→ WHAT TO PRODUCE
Starting at the line that contains "Pro maximální využití" and stopping at the line that contains "マロンは布団に潜って寝たり噛んだりしてやんちゃさんに成長していってます(笑)", restate each line of the records below exactly. Omit the pictures.

→ ENTRIES PROVIDED
== Segment start ==

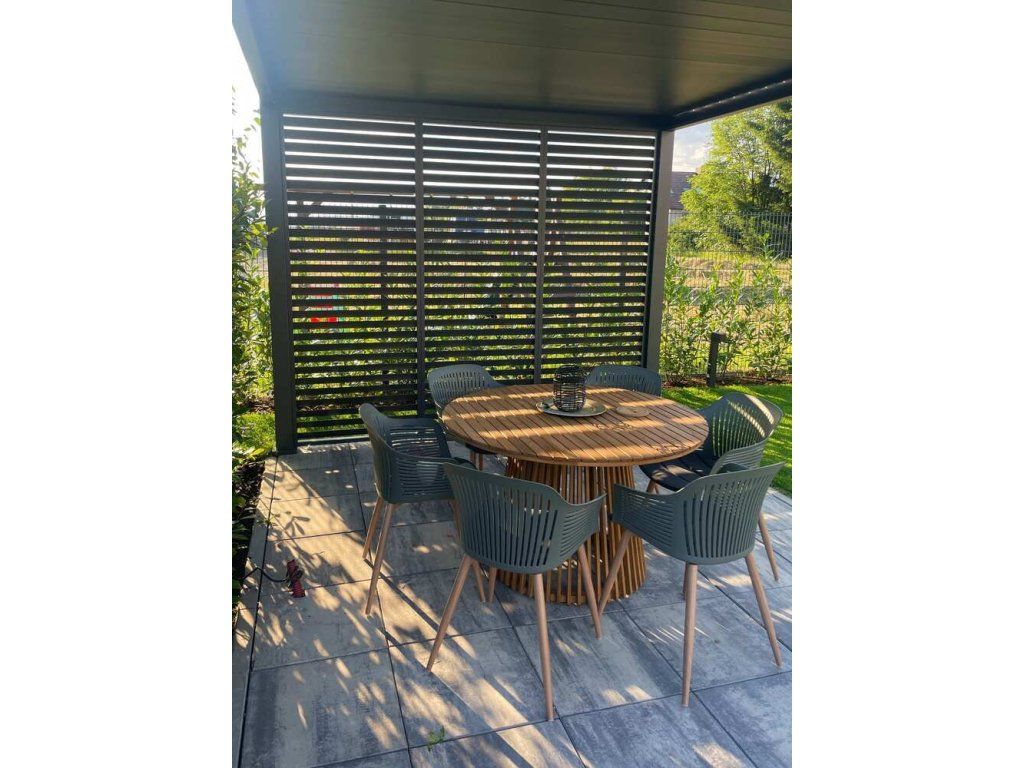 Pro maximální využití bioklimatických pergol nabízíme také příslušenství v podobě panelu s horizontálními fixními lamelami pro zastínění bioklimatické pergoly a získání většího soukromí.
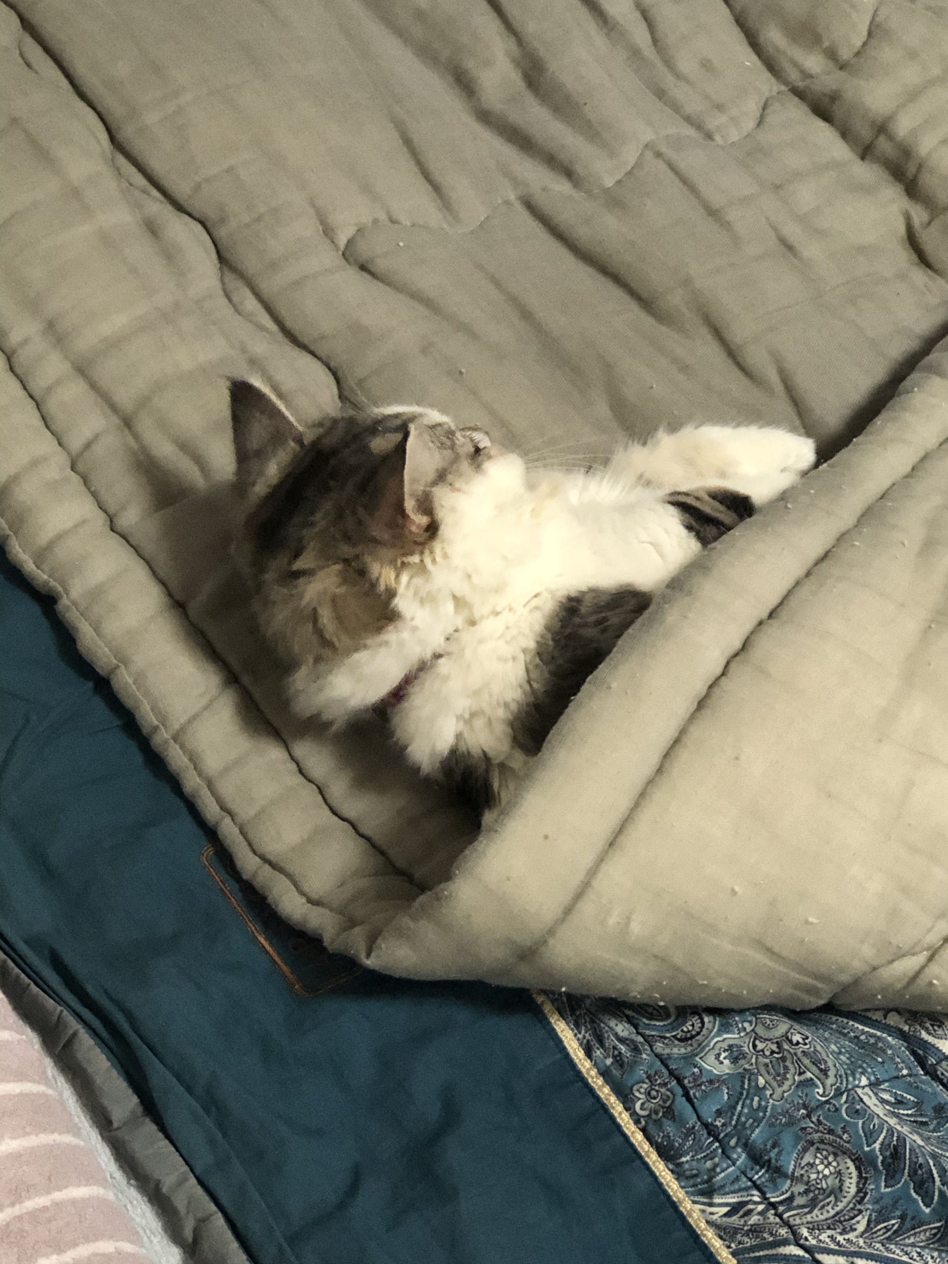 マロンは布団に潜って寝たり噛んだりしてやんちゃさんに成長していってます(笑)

== Segment end ==
== Segment start ==

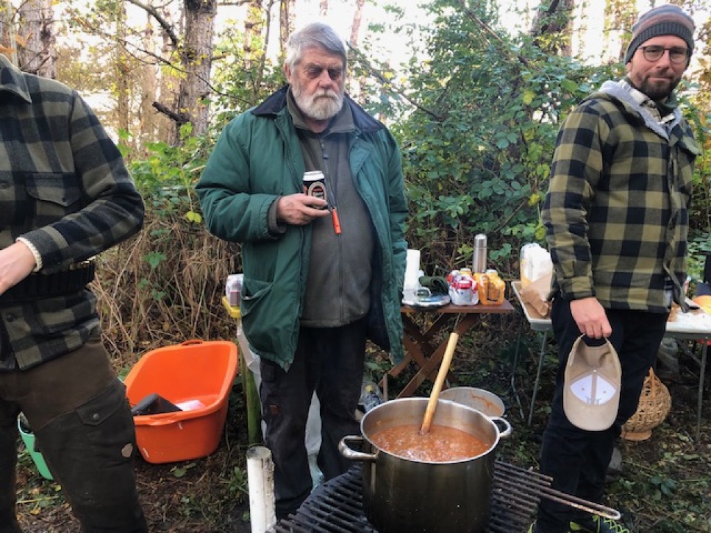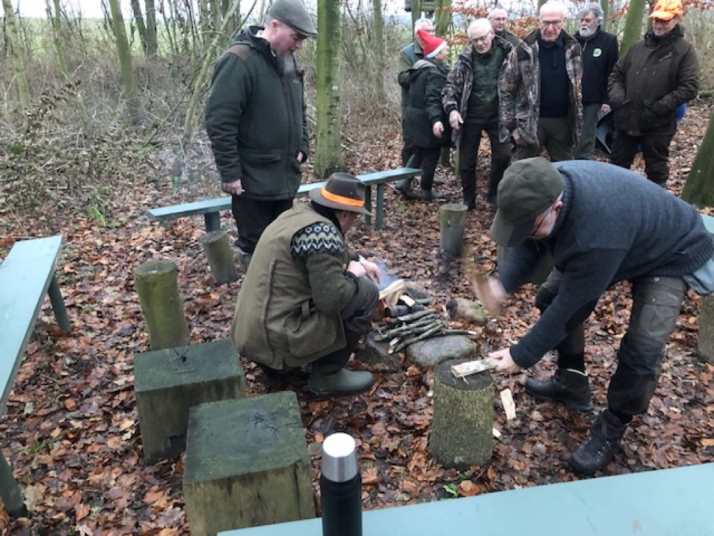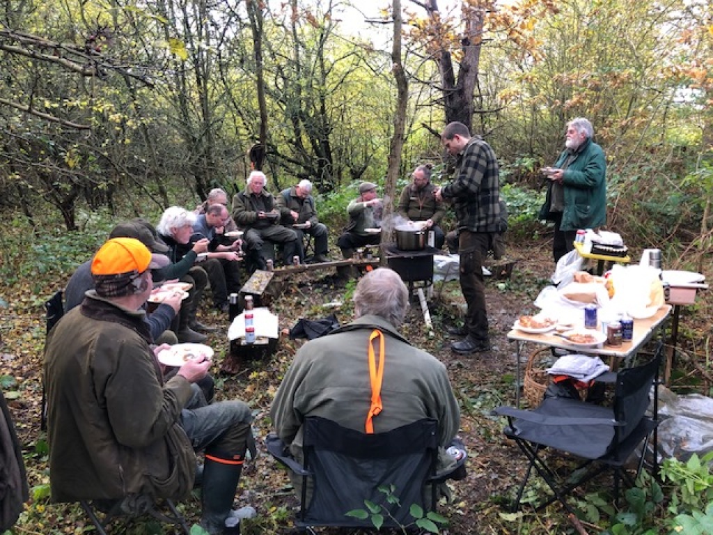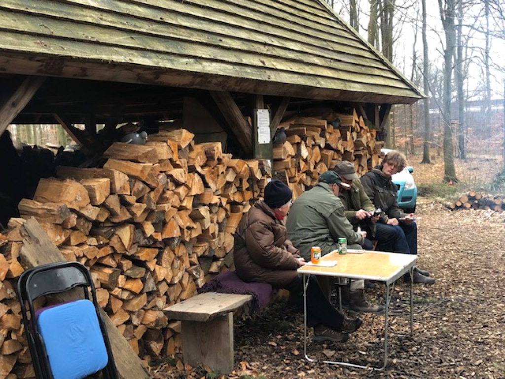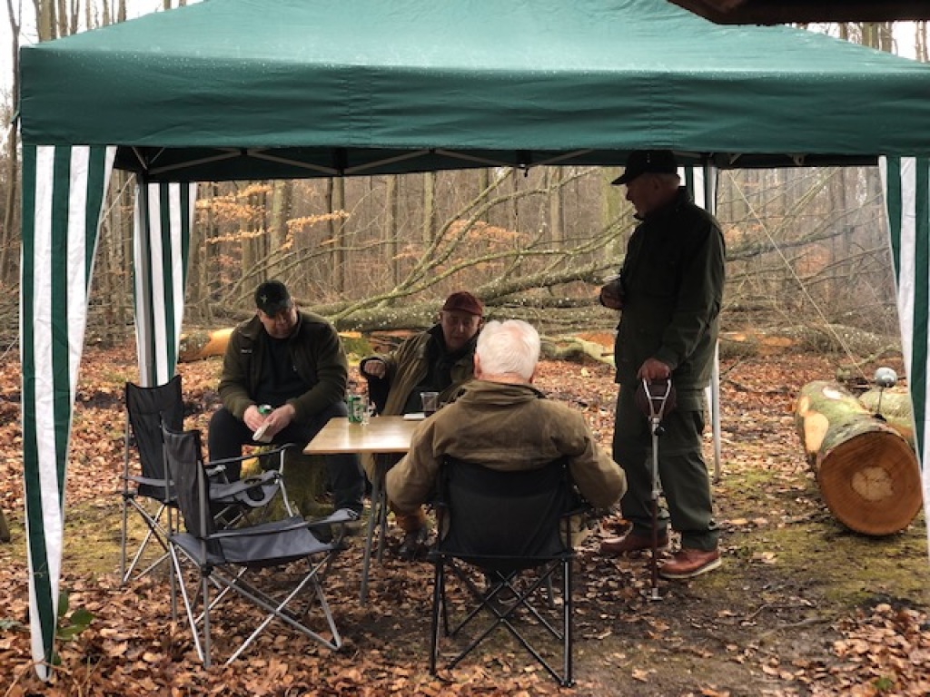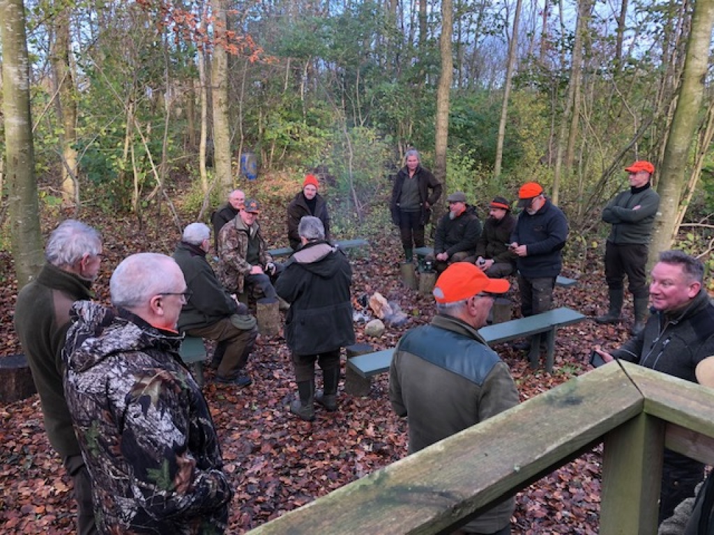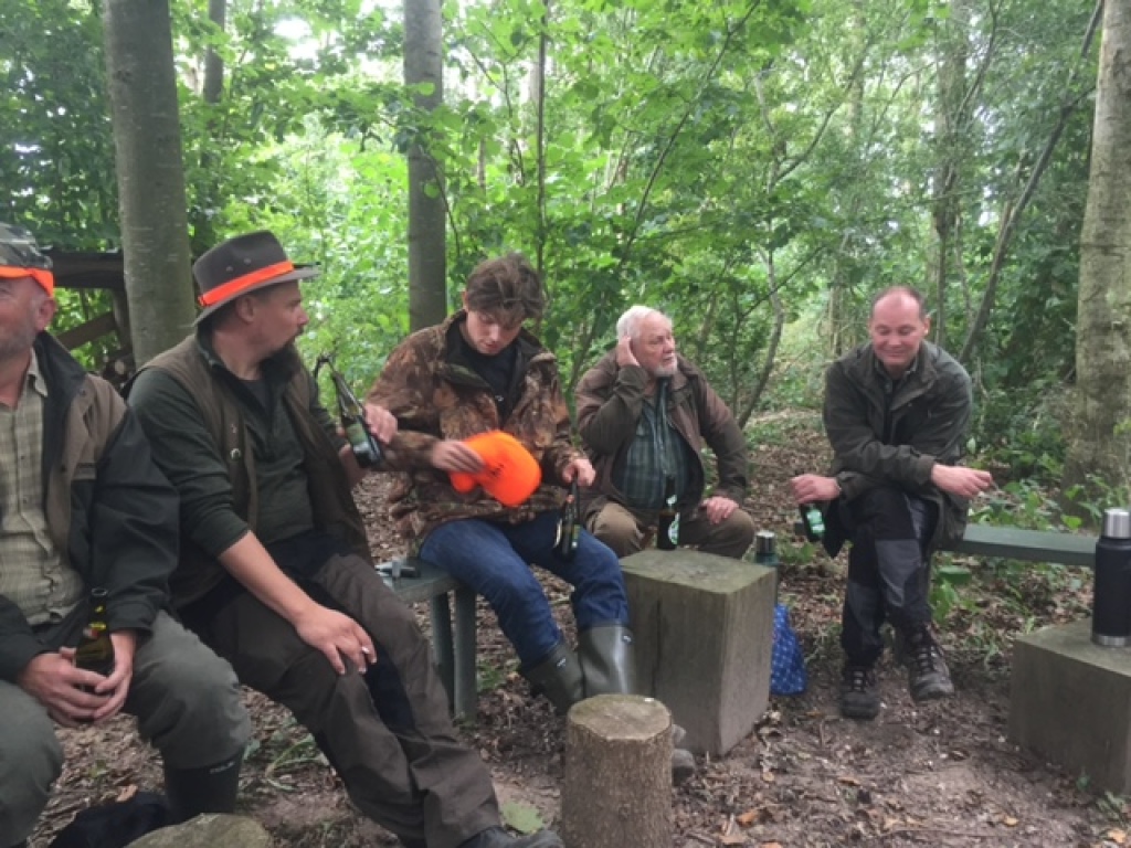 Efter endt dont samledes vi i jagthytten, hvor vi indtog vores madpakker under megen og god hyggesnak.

== Segment end ==

→ TASK RESPONSE
 Pro maximální využití bioklimatických pergol nabízíme také příslušenství v podobě panelu s horizontálními fixními lamelami pro zastínění bioklimatické pergoly a získání většího soukromí.
 マロンは布団に潜って寝たり噛んだりしてやんちゃさんに成長していってます(笑)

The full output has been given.